Task description
Repeat the data exactly, leaving out any image.

Information shown
=== Section Start ===
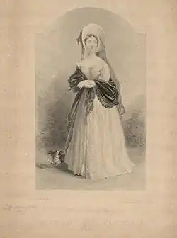 Francis was most successful as a figure and portrait painter. During his artistic career he completed a number of portraits of well known societal and political figures including Queen Victoria and Sir Robert Peel. Deffett's watercolour portrait of Queen Victoria (pictured on the right), displays the monarch with her dog, Dash, bounding by her side. The young monarch stands in a garden, elegantly attired in a bonnet and shawl. The painting was executed in 1837, the year that Queen Victoria assumed the throne, which may account for her youthful appearance. The painting was engraved and printed by Frederick Christian Lewis in 1838, a year after its original completion, and is still held in the Royal Collection.[6] Prints made after John Deffett Francis' figurative portrait paintings include: Madlle. Cerito: A Dancer (1858); Emma Romer, lithograph (n.d.); Fanny Cerito (1846); W.C. Macready (n.d.); Major General Sir William Nott, (1845); Captain Bowen Davies (1844) and Robert Peel (1841), and form part of the bequest made to the British Museum.[7]
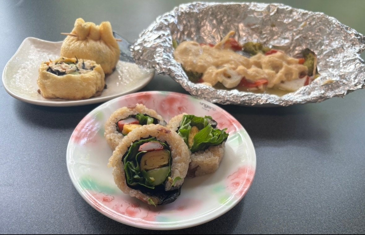 米づくりの実習を通して実感した食べ物への感謝を胸に、斬新な発想で郷土料理をリクリエイト。米どころである長岡市の「醬油おこわ」を華やかなロール寿司にするなど「懐かしいけれど新しい」レシピを目指しました。
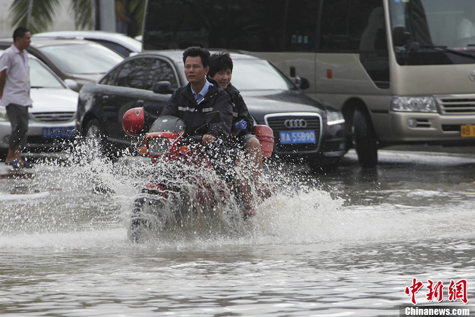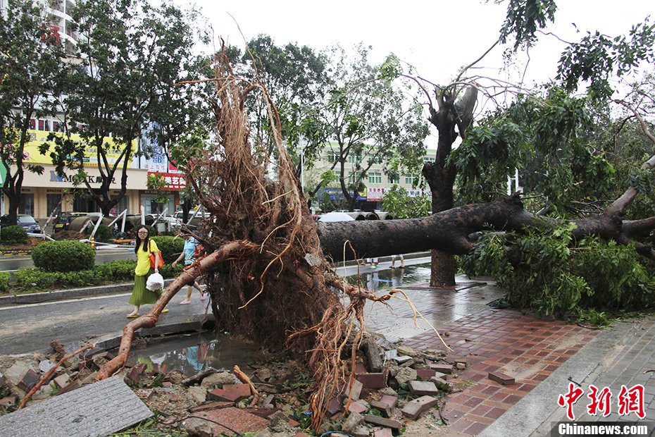 中新网三亚11月11日电(记者 尹海明)今年第30号台风“海燕”10日携风雨袭击三亚。记者11日在三亚看到,台风过后,三亚街道两旁一片狼藉,到处都是被风刮倒的合抱大树,树枝散落街头。三亚金鸡岭路、河东路、荔枝沟路、凤凰路等多个路段仍有大量积水,车辆通行缓慢。
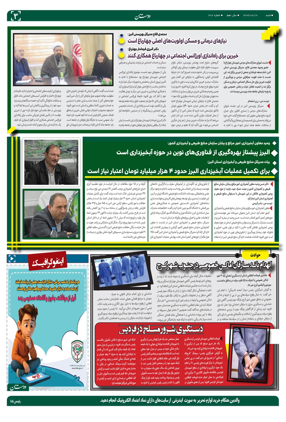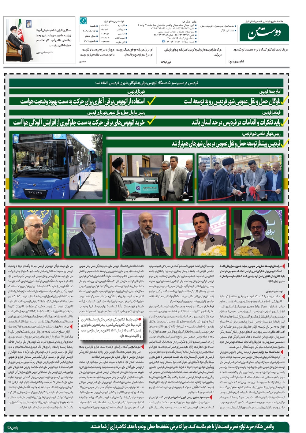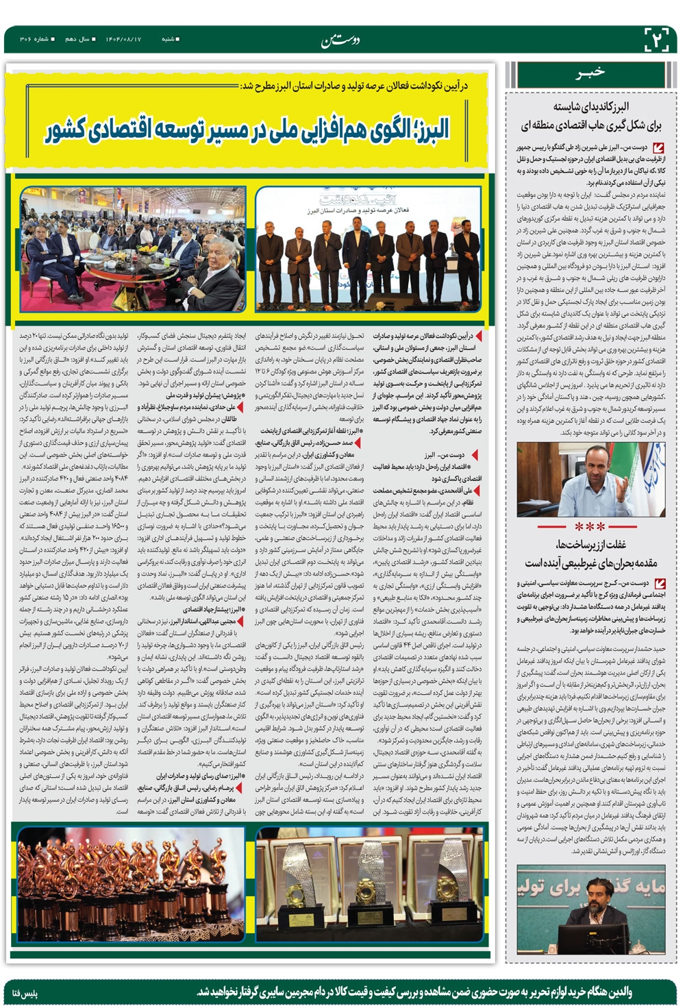 هفته نامه دوست من شماره 306 شنبه هفدهم آبان ماه سال هزار و چهارصدو سه منتشر شد و در دسترس مخاطبین قرار گرفت. هفته نامه دوست من را می توانید از کیوسک های مطبوعاتی سطح شهر تهیه کنید.
=== Section End ===
Solution to this task
 Francis was most successful as a figure and portrait painter. During his artistic career he completed a number of portraits of well known societal and political figures including Queen Victoria and Sir Robert Peel. Deffett's watercolour portrait of Queen Victoria (pictured on the right), displays the monarch with her dog, Dash, bounding by her side. The young monarch stands in a garden, elegantly attired in a bonnet and shawl. The painting was executed in 1837, the year that Queen Victoria assumed the throne, which may account for her youthful appearance. The painting was engraved and printed by Frederick Christian Lewis in 1838, a year after its original completion, and is still held in the Royal Collection.[6] Prints made after John Deffett Francis' figurative portrait paintings include: Madlle. Cerito: A Dancer (1858); Emma Romer, lithograph (n.d.); Fanny Cerito (1846); W.C. Macready (n.d.); Major General Sir William Nott, (1845); Captain Bowen Davies (1844) and Robert Peel (1841), and form part of the bequest made to the British Museum.[7]
 米づくりの実習を通して実感した食べ物への感謝を胸に、斬新な発想で郷土料理をリクリエイト。米どころである長岡市の「醬油おこわ」を華やかなロール寿司にするなど「懐かしいけれど新しい」レシピを目指しました。
 中新网三亚11月11日电(记者 尹海明)今年第30号台风“海燕”10日携风雨袭击三亚。记者11日在三亚看到,台风过后,三亚街道两旁一片狼藉,到处都是被风刮倒的合抱大树,树枝散落街头。三亚金鸡岭路、河东路、荔枝沟路、凤凰路等多个路段仍有大量积水,车辆通行缓慢。
 هفته نامه دوست من شماره 306 شنبه هفدهم آبان ماه سال هزار و چهارصدو سه منتشر شد و در دسترس مخاطبین قرار گرفت. هفته نامه دوست من را می توانید از کیوسک های مطبوعاتی سطح شهر تهیه کنید.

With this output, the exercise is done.